MW: Have you and your partner gotten married in New York?

DAVIS: We’re just talking about it, about that and about kids. As of right now, we would be getting married in Hawaii so his parents can come over from Australia, and then have a big reception in New York for our friends, because we can’t expect all of our friends to fly to Hawaii.

MW: Have you met his family?

DAVIS: The first time I went over there we were getting off the plane when he told me, ”My whole family’s going to be here.” I was like, ”Shit.” So there was his sister, both his brothers, their wives, their kids, his mother and his father. But I got off the plane and I remembered everyone’s name. It was cool. It was a little daunting, because I was the second partner they had ever met, and the first who was a black guy. His mother was very to the point, which I love about her. She’s like, ”You’re black and he’s white, how does it work?” I was like, ”I see that he’s white, but it’s not really an issue.” But I loved her for just being honest and getting it out there, because it’s something that people think about.

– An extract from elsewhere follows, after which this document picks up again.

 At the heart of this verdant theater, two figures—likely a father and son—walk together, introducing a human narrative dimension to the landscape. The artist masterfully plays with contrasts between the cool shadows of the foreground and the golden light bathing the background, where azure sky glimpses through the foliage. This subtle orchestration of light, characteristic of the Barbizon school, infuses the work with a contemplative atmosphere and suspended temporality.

MW: Have you found that being in a relationship with a white guy is a barrier for you working with some of the communities you want to work with?

DAVIS: It hasn’t been yet, but I feel like it’s coming. [Laughs.]

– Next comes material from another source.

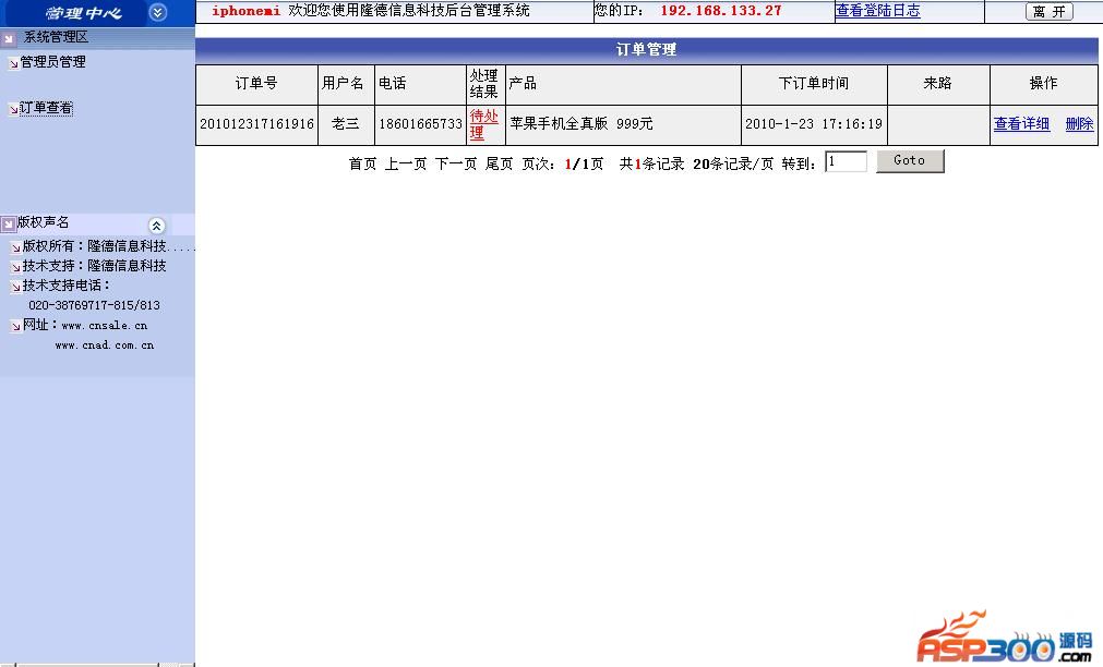 本程序包含"苹果手机全真版"网站前台及后台订单管理系统两部分

MW: Right after this interview!

DAVIS: I don’t think that most people know that my partner is white. I hope it’s not a block, I hope that people understand that who I date doesn’t dictate what’s in my heart. Any man that loves me like I need to be loved and that I’m attracted to is fair game. It just happened to be that person was white. I get it that there are a lot of people out there who have these preconceived notions about what it means to be a black man who dates a white man, especially because I have privilege. But give me a chance first, sit down, talk to me. Understand that I’m not just a privileged black person who’s not getting his hands dirty, who doesn’t understand how the privileges that I have can oppress people, how the privileges that I have can oppress women, how the privileges that I have can oppress other gays. I’m trying to understand that and work to change that. And my partner’s behind me 100 percent. And he’s trying to educate himself about what it means to be a white man dating a black man.

I think a lot of it dates back to the history of what it meant to be black and to date someone white. It was illegal, it was frowned upon, you could be killed and jailed for that. A lot of people haven’t forgotten about that. And they shouldn’t. I shouldn’t forget about that, either. I think within the gay community, oftentimes you see people of color who are gay and they have white partners and people think, ”Oh, once you get money you leave your community, you don’t give back, you don’t do the work.” I want people to know that I’m still doing the work. And I think if you’re not doing the work, then we’re never going to get to that point where we’re taking care of our brothers and sisters.